- ASSIGNED TASK -
Transcribe the data that follows in full. Leave out the pictures.

- GIVEN DATA -
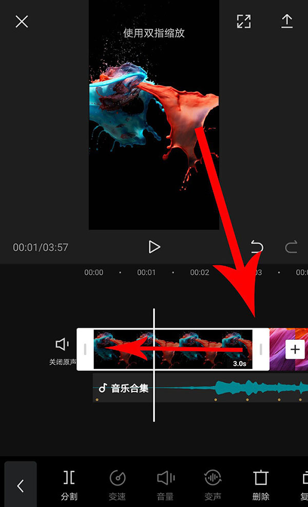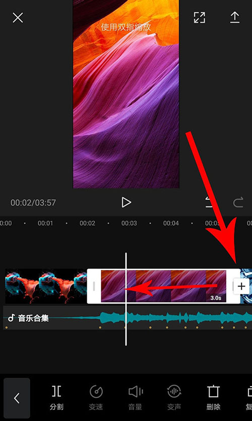 两个圆点之间是一个节奏卡点,通过选中图片和拖动图片时长选框的方式,将图片放到两个圆点之间,这样便可制作出图片卡点视频
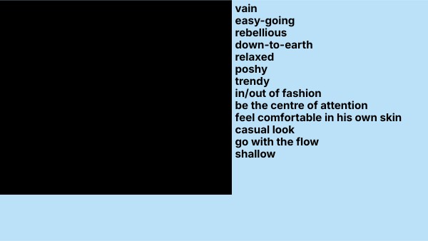 vain easy-going rebellious down-to-earth relaxed poshy trendy in/out of fashion be the centre of attention feel comfortable in his own skin
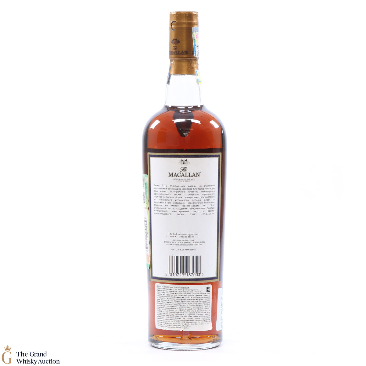 Due to the various ages of bottles and their seals, the condition of liquid is at the buyer's discretion and no claim can be lodged against failure/leakage in transit. Loss and breakage cover is available at 3% of the hammer price as standard. If the lot is not insured, no claim can be lodged against the courier or The Grand Whisky Auction for breakage or loss in transit.
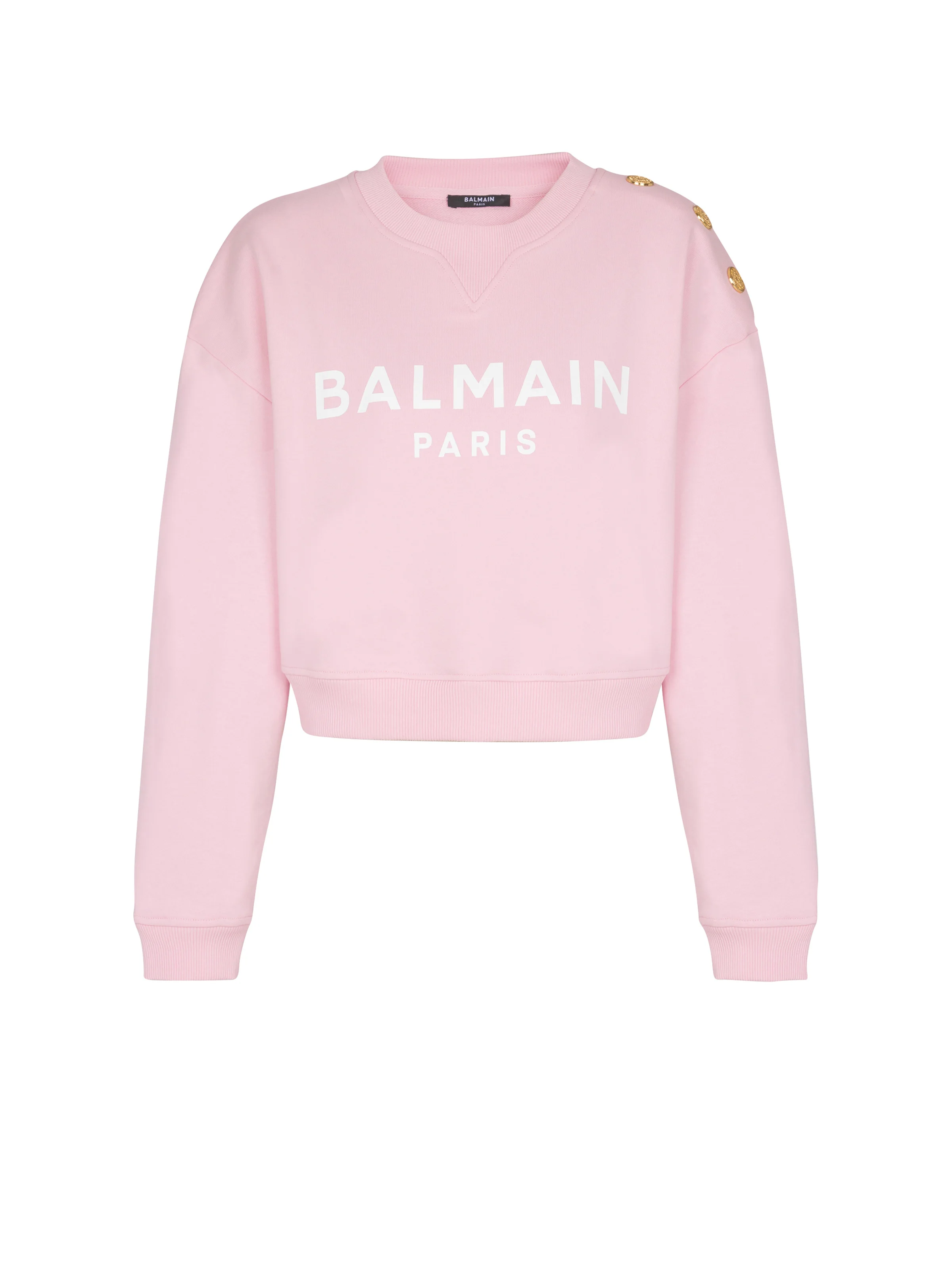 Printed Balmain Paris sweatshirt - Round neckline - 3 decorative embossed gold metal buttons on the shoulder - Long sleeves - Contrasting Balmain Paris logo printed on the front - Ribbed trim - Regular cropped cut - Model measures 179cm and wears a size S - Main material: 100% cotton - Made in Portugal - Item: EF1JQ002BB02100% of the cotton fibres used to make this garment are certified and organically farmed
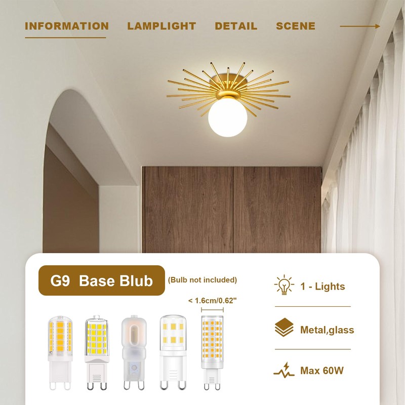 - Material: The gold Ceiling light is made of metal brushed brass lamp body, not easy to rust and fade, strong corrosion resistance, the long average service life and durable
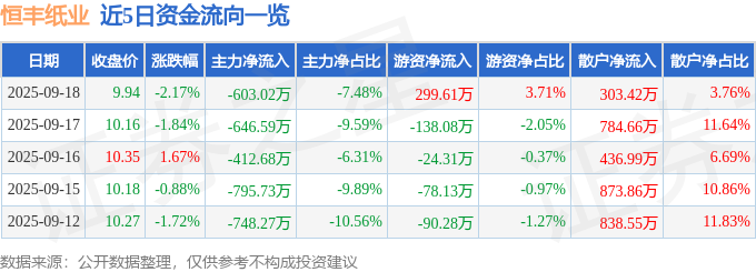 证券之星消息,截至2025年9月18日收盘,恒丰纸业(600356)报收于9.94元,下跌2.17%,换手率2.68%,成交量8.0万手,成交额8065.82万元。
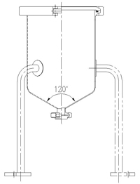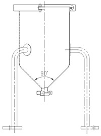 タンク底部に角度をつけることで、液が溜まりにくくなります。
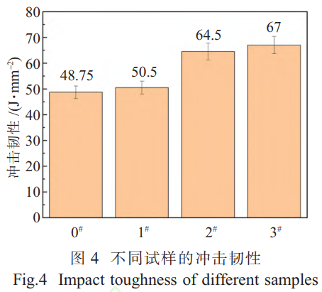 (2)與未處理試樣相比,隨著電磁沖擊峰值電流密度的增加(108.6、120.6和132.6A/mm2),TC11鈦合金試樣的沖擊韌性分別提升了3.5%、32.3%和37.4%。
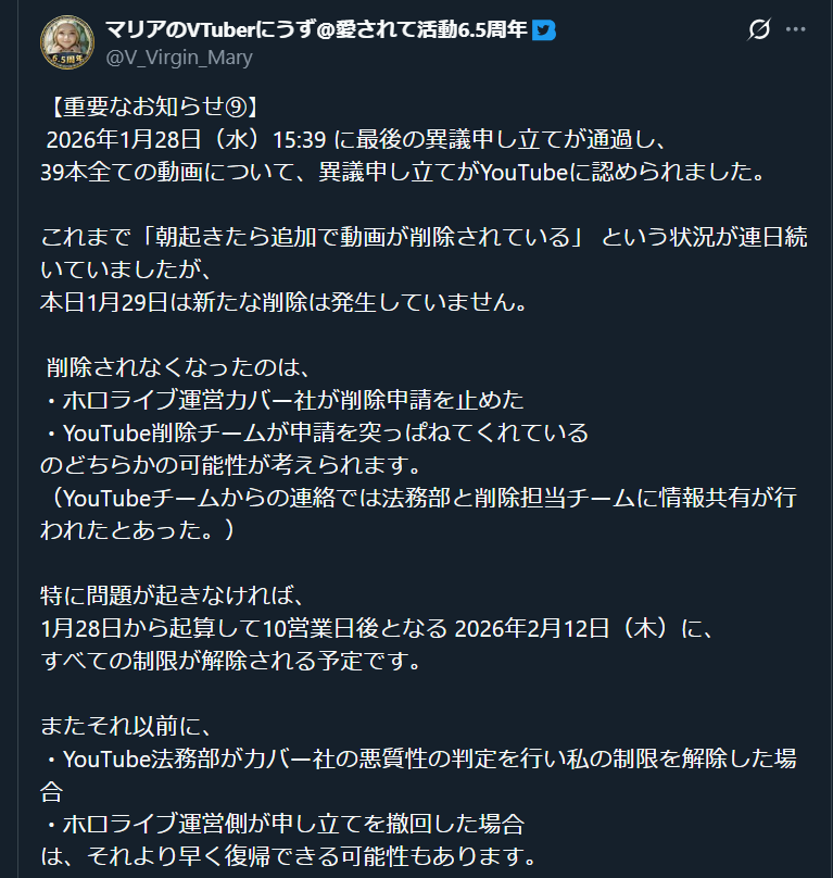 | … | 69無念Nameとしあき26/02/22(日)01:02:11No.1389063825そうだねx5>動画戻ってきた時のあの浮かれ様見るに多分全部つべで対処してくれるのだと勘違いしてたんだと思う |
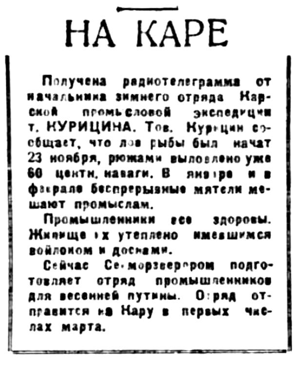 Получена радиотелеграмма от начальника зимнего отряда Карской промысловой экспедиции т. КУРИЦИНА. Тов. Курицин сообщает, что лов рыбы был начат 23 ноября, рюжами выловлено уже 60 центн. наваги. В январе и в феврале беспрерывные мятели мешают промыслам.
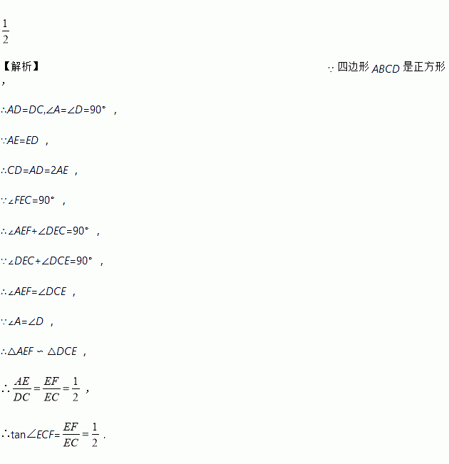 如图,在正方形ABCD中,点E为AD的中点,连接EC,过点E作EF⊥EC,交AB于点F,则tan∠ECF=_____.

- PROBLEM SOLUTION -
 两个圆点之间是一个节奏卡点,通过选中图片和拖动图片时长选框的方式,将图片放到两个圆点之间,这样便可制作出图片卡点视频
 vain easy-going rebellious down-to-earth relaxed poshy trendy in/out of fashion be the centre of attention feel comfortable in his own skin
 Due to the various ages of bottles and their seals, the condition of liquid is at the buyer's discretion and no claim can be lodged against failure/leakage in transit. Loss and breakage cover is available at 3% of the hammer price as standard. If the lot is not insured, no claim can be lodged against the courier or The Grand Whisky Auction for breakage or loss in transit.
 Printed Balmain Paris sweatshirt - Round neckline - 3 decorative embossed gold metal buttons on the shoulder - Long sleeves - Contrasting Balmain Paris logo printed on the front - Ribbed trim - Regular cropped cut - Model measures 179cm and wears a size S - Main material: 100% cotton - Made in Portugal - Item: EF1JQ002BB02100% of the cotton fibres used to make this garment are certified and organically farmed
 - Material: The gold Ceiling light is made of metal brushed brass lamp body, not easy to rust and fade, strong corrosion resistance, the long average service life and durable
 证券之星消息,截至2025年9月18日收盘,恒丰纸业(600356)报收于9.94元,下跌2.17%,换手率2.68%,成交量8.0万手,成交额8065.82万元。
 タンク底部に角度をつけることで、液が溜まりにくくなります。
 (2)與未處理試樣相比,隨著電磁沖擊峰值電流密度的增加(108.6、120.6和132.6A/mm2),TC11鈦合金試樣的沖擊韌性分別提升了3.5%、32.3%和37.4%。
 | … | 69無念Nameとしあき26/02/22(日)01:02:11No.1389063825そうだねx5>動画戻ってきた時のあの浮かれ様見るに多分全部つべで対処してくれるのだと勘違いしてたんだと思う |
 Получена радиотелеграмма от начальника зимнего отряда Карской промысловой экспедиции т. КУРИЦИНА. Тов. Курицин сообщает, что лов рыбы был начат 23 ноября, рюжами выловлено уже 60 центн. наваги. В январе и в феврале беспрерывные мятели мешают промыслам.
 如图,在正方形ABCD中,点E为AD的中点,连接EC,过点E作EF⊥EC,交AB于点F,则tan∠ECF=_____.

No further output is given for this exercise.